(Collection entries)
################

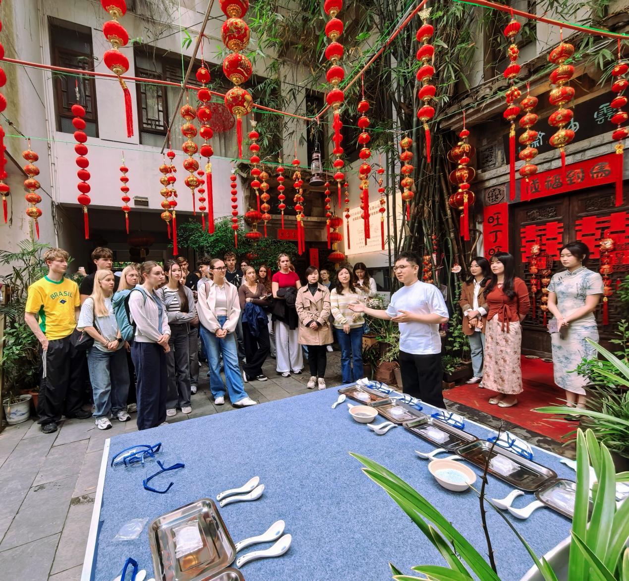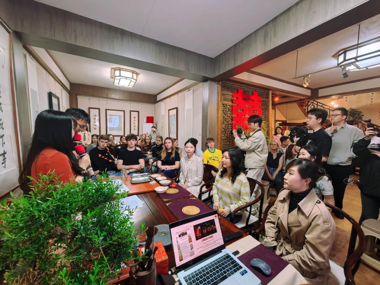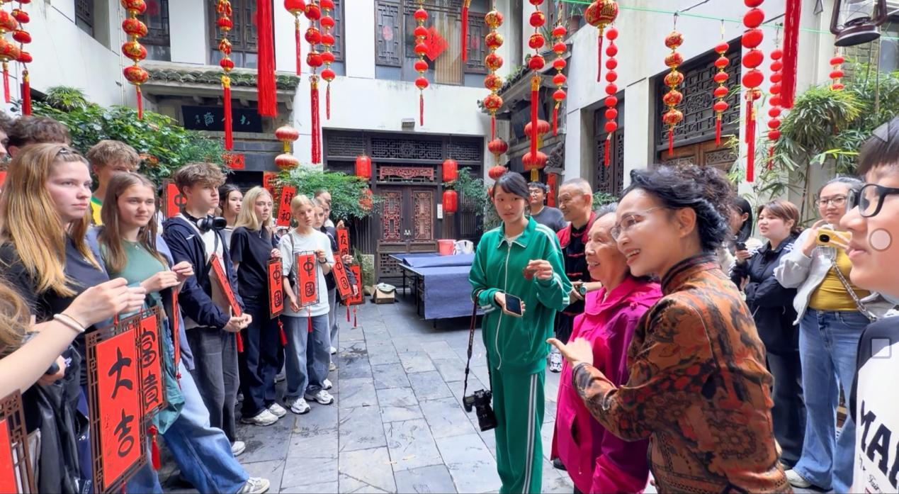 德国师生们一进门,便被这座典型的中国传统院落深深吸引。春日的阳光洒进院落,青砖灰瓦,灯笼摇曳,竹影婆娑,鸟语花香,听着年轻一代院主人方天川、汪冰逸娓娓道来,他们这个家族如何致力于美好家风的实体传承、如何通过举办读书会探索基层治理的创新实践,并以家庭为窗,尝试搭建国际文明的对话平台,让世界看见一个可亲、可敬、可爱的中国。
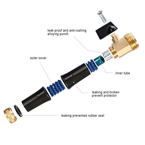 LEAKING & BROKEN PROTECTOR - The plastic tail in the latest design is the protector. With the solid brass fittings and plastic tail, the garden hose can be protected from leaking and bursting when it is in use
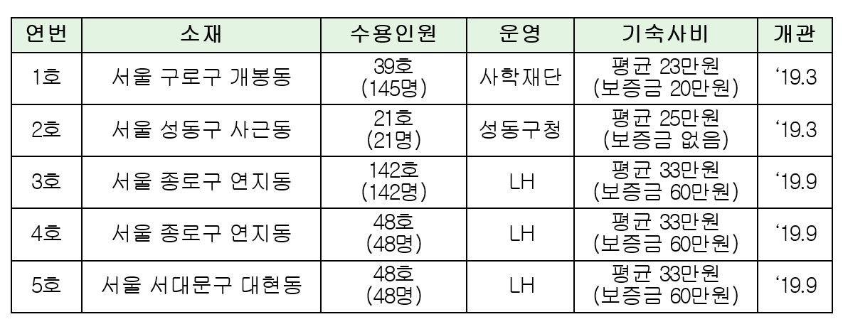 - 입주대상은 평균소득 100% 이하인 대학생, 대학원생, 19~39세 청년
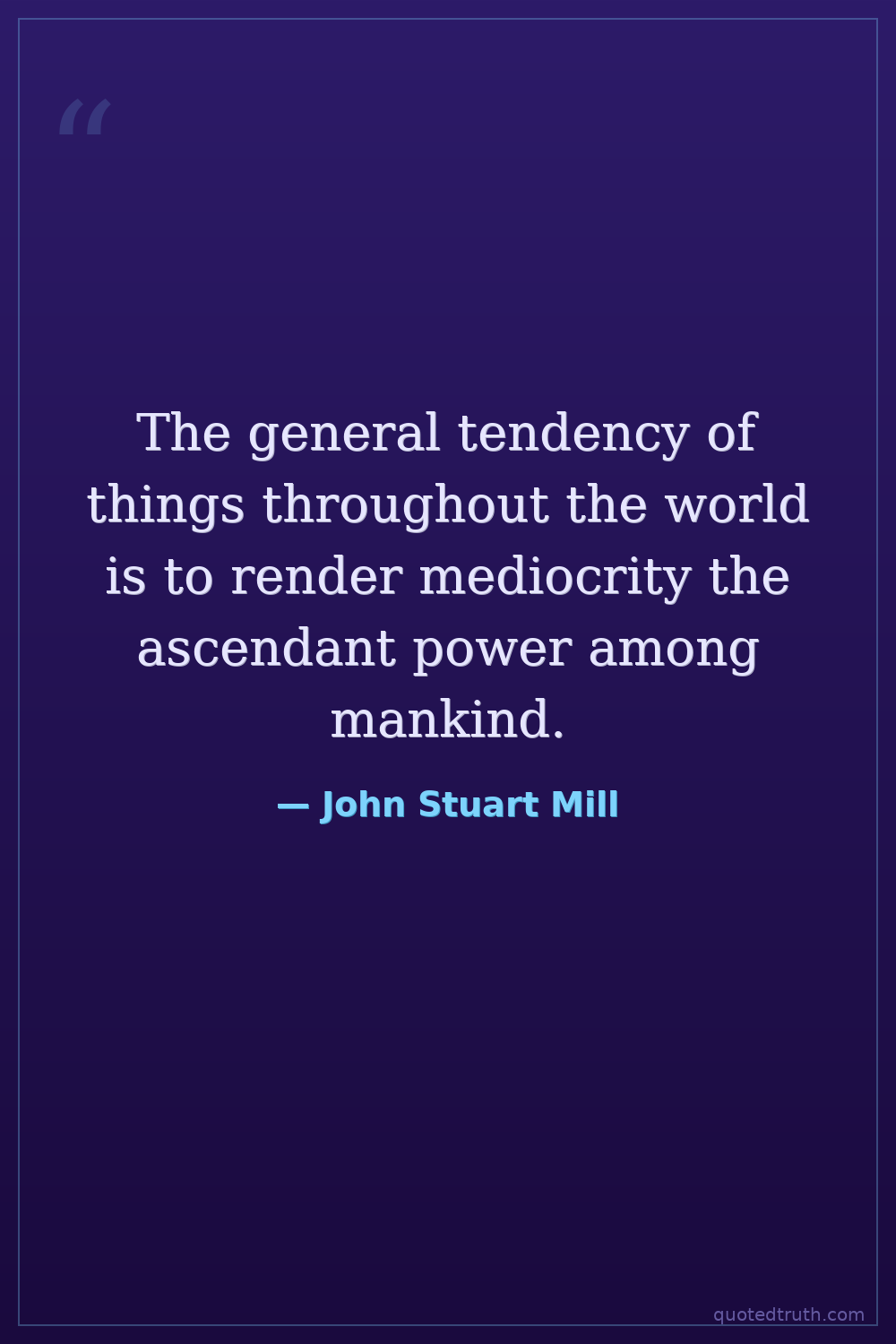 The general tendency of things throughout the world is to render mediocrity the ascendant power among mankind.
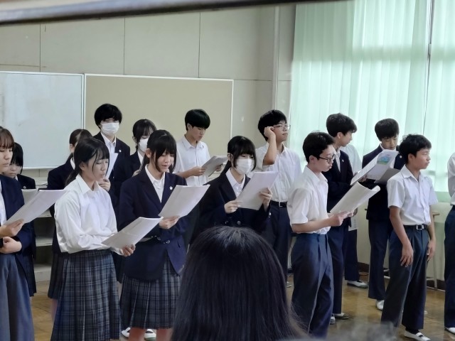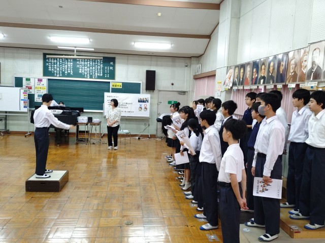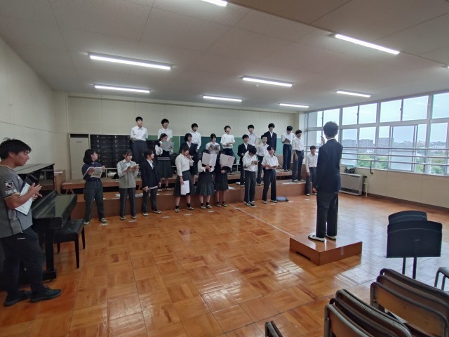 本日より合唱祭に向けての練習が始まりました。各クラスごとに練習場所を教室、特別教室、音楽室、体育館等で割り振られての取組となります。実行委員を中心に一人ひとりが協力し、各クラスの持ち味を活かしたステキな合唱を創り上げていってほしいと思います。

################

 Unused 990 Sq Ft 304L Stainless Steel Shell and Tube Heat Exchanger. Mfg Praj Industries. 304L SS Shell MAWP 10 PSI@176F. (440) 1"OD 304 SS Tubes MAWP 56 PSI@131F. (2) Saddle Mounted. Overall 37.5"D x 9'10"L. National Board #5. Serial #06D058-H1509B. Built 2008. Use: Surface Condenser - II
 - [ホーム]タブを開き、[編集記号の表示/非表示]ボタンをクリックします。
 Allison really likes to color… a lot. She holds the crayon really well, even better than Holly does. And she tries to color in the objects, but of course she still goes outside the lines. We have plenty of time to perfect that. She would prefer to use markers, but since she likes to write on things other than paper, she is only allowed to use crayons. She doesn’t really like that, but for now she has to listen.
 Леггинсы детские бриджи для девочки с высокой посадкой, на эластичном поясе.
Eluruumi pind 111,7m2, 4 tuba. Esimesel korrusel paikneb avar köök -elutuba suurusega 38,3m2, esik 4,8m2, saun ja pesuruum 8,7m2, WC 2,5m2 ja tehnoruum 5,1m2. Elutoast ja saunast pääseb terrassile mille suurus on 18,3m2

################

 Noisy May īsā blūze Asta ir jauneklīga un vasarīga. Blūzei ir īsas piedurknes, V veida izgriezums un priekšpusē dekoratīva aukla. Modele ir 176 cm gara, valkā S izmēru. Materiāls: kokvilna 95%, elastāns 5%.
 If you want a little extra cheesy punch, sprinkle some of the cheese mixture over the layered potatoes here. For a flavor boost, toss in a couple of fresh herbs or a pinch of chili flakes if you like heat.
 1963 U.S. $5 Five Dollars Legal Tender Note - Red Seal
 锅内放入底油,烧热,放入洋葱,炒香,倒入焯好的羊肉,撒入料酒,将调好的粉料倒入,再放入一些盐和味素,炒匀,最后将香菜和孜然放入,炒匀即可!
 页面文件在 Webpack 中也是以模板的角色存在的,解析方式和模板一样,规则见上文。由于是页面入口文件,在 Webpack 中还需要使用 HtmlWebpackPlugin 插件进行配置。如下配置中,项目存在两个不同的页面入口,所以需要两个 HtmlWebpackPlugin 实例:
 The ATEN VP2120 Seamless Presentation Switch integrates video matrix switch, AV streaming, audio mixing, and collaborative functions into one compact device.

################

• [Aim of the task]: When you reach the line containing "页面文件在 Webpack 中也是以模板的角色存在的,解析方式和模板一样,规则见上文。由于是页面入口文件,在" in the data above, start copying exactly, and stop after the line containing "The ATEN VP2120".

• [Exercise result]:
 页面文件在 Webpack 中也是以模板的角色存在的,解析方式和模板一样,规则见上文。由于是页面入口文件,在 Webpack 中还需要使用 HtmlWebpackPlugin 插件进行配置。如下配置中,项目存在两个不同的页面入口,所以需要两个 HtmlWebpackPlugin 实例:
 The ATEN VP2120 Seamless Presentation Switch integrates video matrix switch, AV streaming, audio mixing, and collaborative functions into one compact device.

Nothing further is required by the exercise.